Math, asked by jj9500221, 2 months ago

If p and q are zeroes of the polynomial t²-4t+3,show that 1/p+ 1/q -2pq+14/3=0.

Answers

Answered by keshavgoel42

Answer:

proved below

Step-by-step explanation:Zeroes are p & q

Sum of zeroes = p+q = -(-4)/1 = 4

Product of zeroes = pq = 3

1/p + 1/q - 2pq + 14/3 =0

p+q/qp - 2pq +14/3 = 0

Lets insert above given values

4/3-2*3 + 14/3 = 0

4-18/3 +14/3 = 0

-14/3 +14/3 = 0

Answered by Anonymous

Let, $p(t) = t^2 - 4t + 3$ where $p, \ q$ are its zeroes.
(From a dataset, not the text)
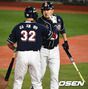 [OSEN=부산, 최규한 기자]9회초 무사 선두타자로 나선 두산 오재일이 동점 우월 솔로포를 날리고 김재환과 인사를 나누고 있다. / dreamer@osen.co.kr |

So, $p + q = - \dfrac{b}{a} = - \dfrac{(-4)}{1} = 4$

And $pq = \dfrac{c}{a} = \dfrac{3}{1} = 3$ .

Now,

$\dfrac{1}{p} + \dfrac{1}{q} - 2pq = - 14/3$

{to be proved}

LHS:-

$\dfrac{1}{p} + \dfrac{1}{q} - 2pq$

= $\dfrac{p + q}{pq} - 2(pq)$

= $\dfrac{4}{3} - 2(3)$

= $\dfrac{4}{3} - 6$

= $\dfrac{4-18}{3}$

= $- \dfrac{14}{3}$

RHS:-

$- \dfrac{14}{3}$

Therefore, LHS = RHS.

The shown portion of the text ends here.